Ситуация сохраняется и в дальнейшем в самые разные эпохи и на самых разных территориях. Сельская община и ремесленный цех, тот относительно обособленный от окружающего мира околоток, который французы называют pays, а англичане borough, содружества и корпорации разного рода, церковные и соседские общины – везде человек осознает потребность ощутить себя принадлежащим не только к макро‑, но и к микрообщности, убедиться в том, что во всех случаях его отношения с окружением не исчерпываются формальными, безлично правовыми данными, но и несут в себе чувство принадлежности, ощущение привычности и относительной безопасности – всю ту опосредованную историей

891

и социокультурным опытом, но к ним не сводящуюся гамму переживаний, которую современные историки и социологи называют неуклюже звучащим, но точным словом самоидентификация.

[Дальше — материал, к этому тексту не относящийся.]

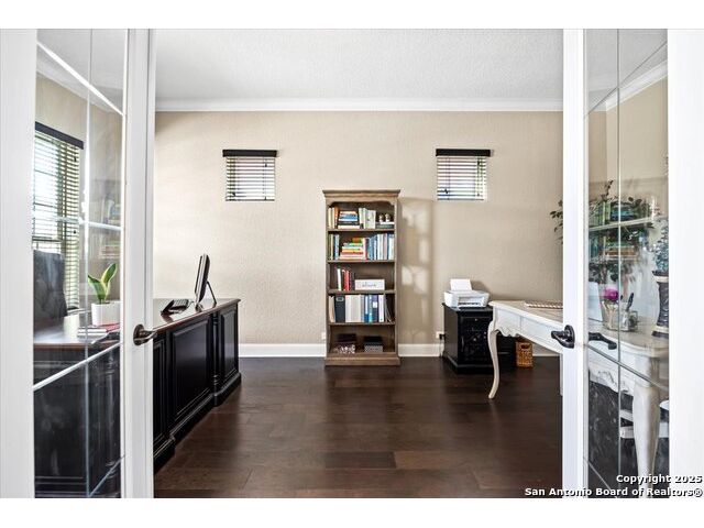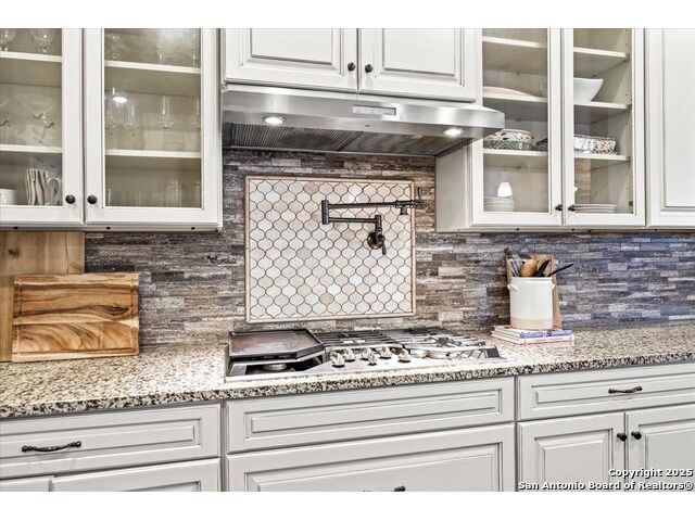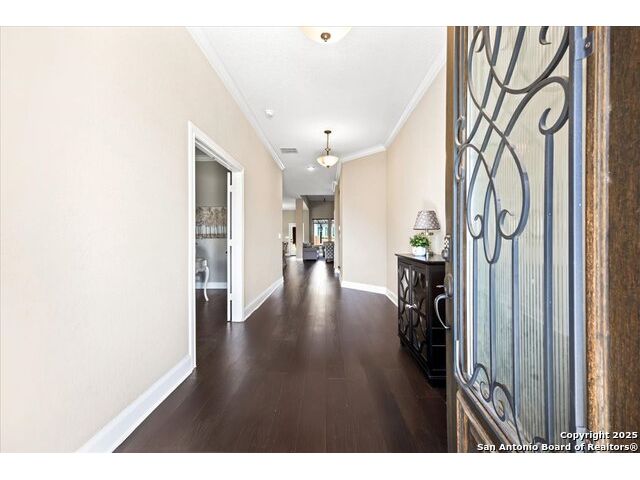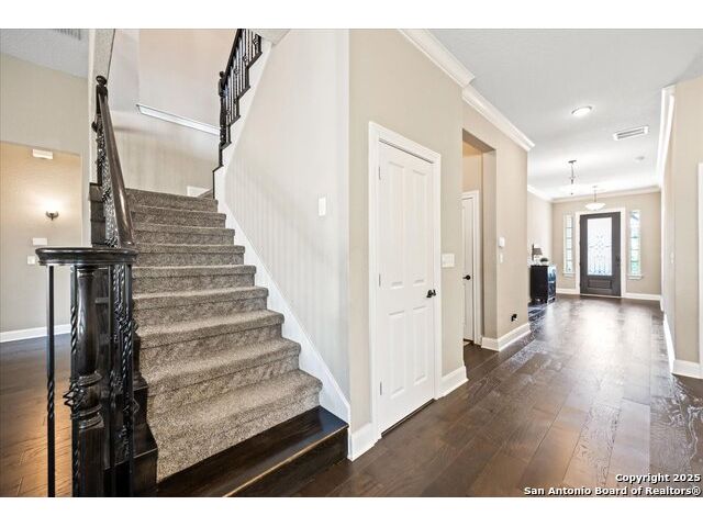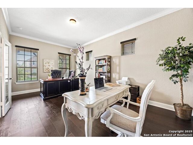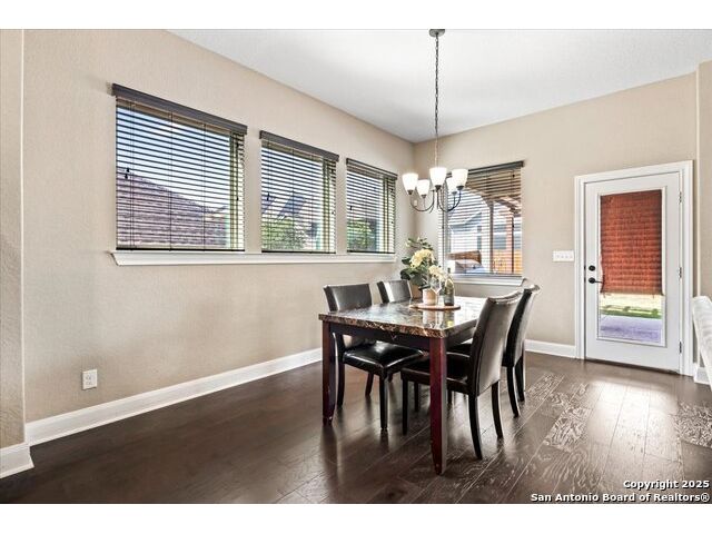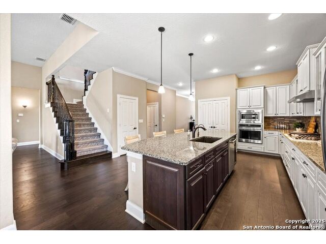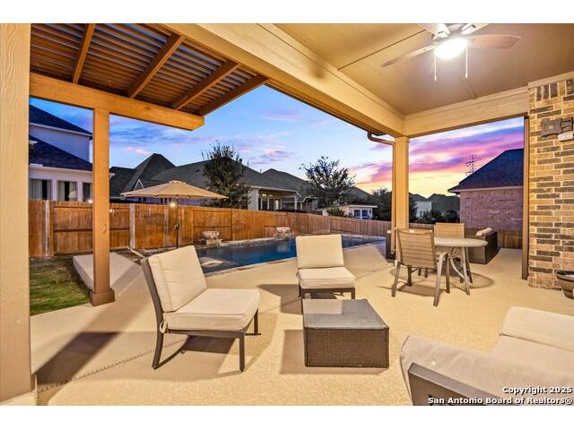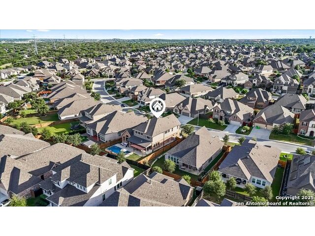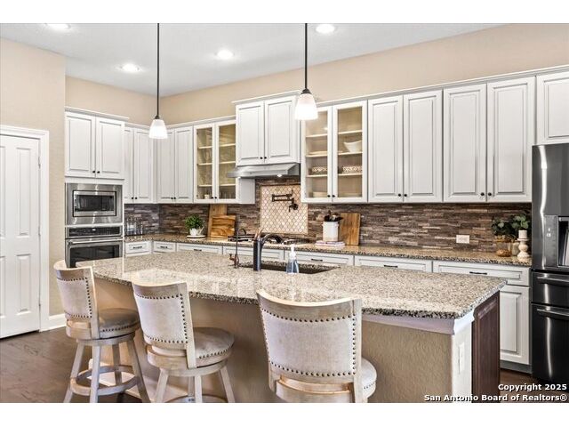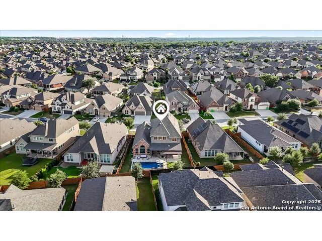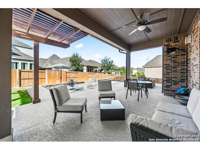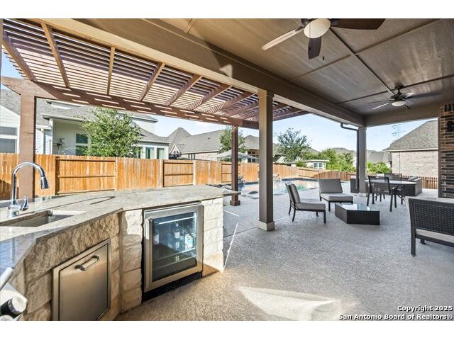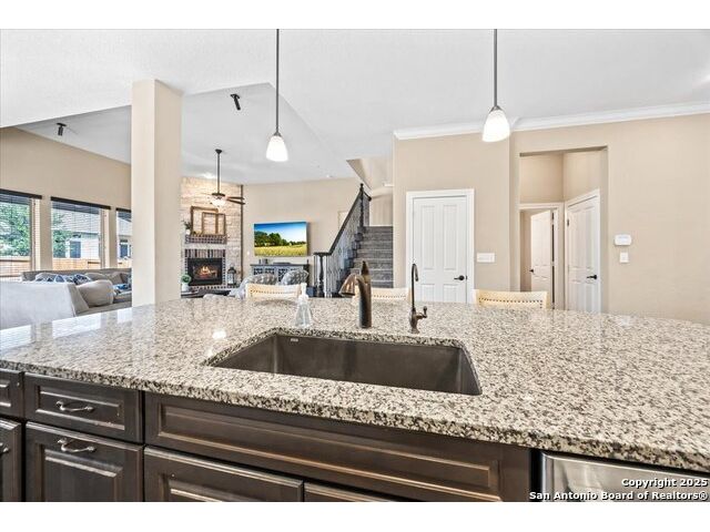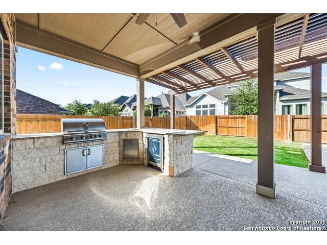This David Weekley home offers a rare mix of comfort, function, and style. From the moment you arrive, the attention to detail and thoughtful design are clear. The home sits on a generously sized lot, allowing for both a stunning outdoor living space and a grassy backyard perfect for play or relaxing in the sun. A modern, clean-line pool with decorative fountains and a lounge area creates a private resort feel. The outdoor kitchen and oversized covered patio offer an ideal setting for entertaining year-round. Inside, the home continues to impress. Rich wood floors extend throughout the downstairs living areas, adding warmth and character. The chef's kitchen is the heart of the home, featuring an oversized island with plenty of seating, modern appliances, and abundant prep space. It's designed for cooking and gathering. Just off the living room, a fireplace adds a cozy touch for cool evenings. At the front of the home, a dedicated office offers a quiet space for work or study. The primary bedroom is tucked away on the first floor for added privacy. This owner's retreat is spacious and calming, with a stand-alone shower, a garden tub, and a layout that feels like a private spa. Upstairs, the home continues to offer flexible living. A large loft area can be used as a movie room, game room, or even host a pool table. Additional guest bedrooms are located on this level, providing privacy for visitors or space for a growing household. The three-car garage adds storage and convenience, rounding out the home's well-planned layout. This property brings together everyday comfort and standout features that make it truly one of a kind. Welcome home!
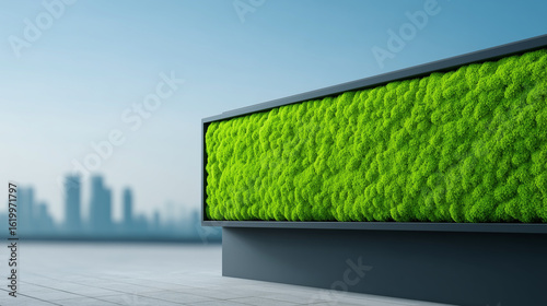 A modern urban landscape featuring a vibrant green moss or plant wall embedded in a sleek dark gray planter, set against a bright blue sky. In the softly blurred background, a silhouette of a city sky
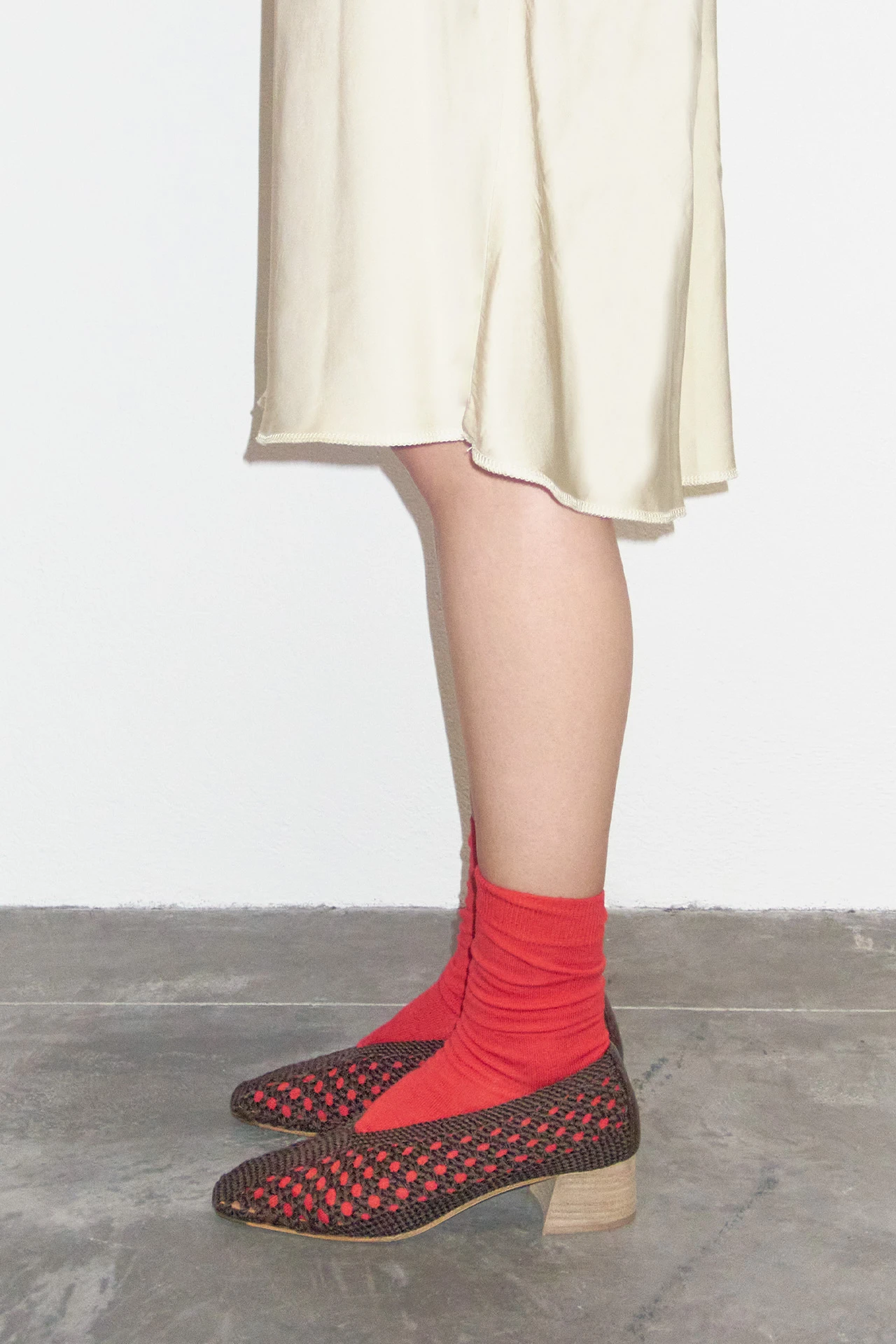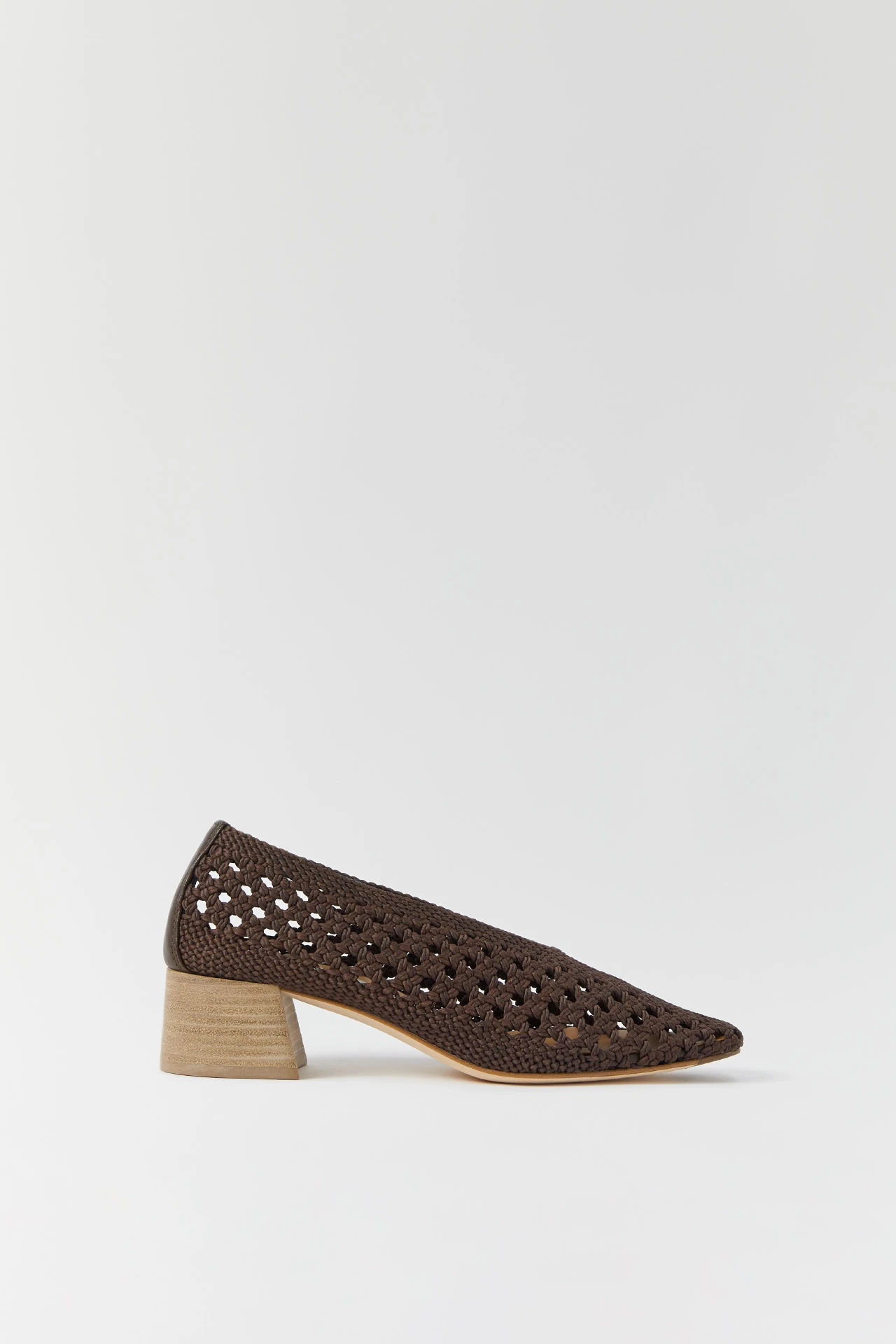 Taissa’s timeless, and she’s back with a bang. Her handwoven cotton mix macrame upper forms a plunging soft v-shape to the cuff, echoed in the parrallel lines of her elegantly elongated square toe. She’s got a memory foam calf leather insole that sits atop her mid-height stacked leather heel and leather outsole – complete with a rubber heel cap and rubber invected toe for durability.

Из всего сказанного следуют по крайней мере три вывода и вырисовывается по крайней мере одна проблема.

Первый вывод состоит в том, что потребность ощутить себя в некотором своем пространстве, физическом и социальном, в этом смысле потребность в самоидентификации с социумом, где твоя жизнь, как и жизнь других, регулируется теми же нормами, теми же привычками, протекает в подчиняющейся тем же критериям материально‑пространственной среде, ‑ такая потребность коренится в природе человеческого общества, в архаических глубинах истории и сохраняется на самых разных этапах общественного развития.

Второй вывод состоит в том, что античный мир ‑ эта колыбель европейской цивилизации ‑ обладает указанной потребностью в очень высокой степени. Исходной и основной единицей общества Греции и Рима на протяжении всей тысячелетней его истории является город‑государство – греческий полис, римская цивитас, где самоидентификация гражданина с общиной остается вплоть до предсмертного кризиса античного мира непреложным законом и основой мирочувствия.

Третий вывод состоит в том, что, как только в античном мире подобная самоидентификация сделалась предметом теоретического осмысления, стало очевидно, что она имеет ступенчатую структуру. У человека, живущего в развитом высокоорганизованном обществе, потребность в самоидентификации реализуется не только в рамках микроколлектива, непосредственного окружения, ‑хотя этот инстинкт остается, по‑видимому, наиболее сильным, – но и в рамках более широкого множества. Самоидентификация последнего типа неотделима от первой.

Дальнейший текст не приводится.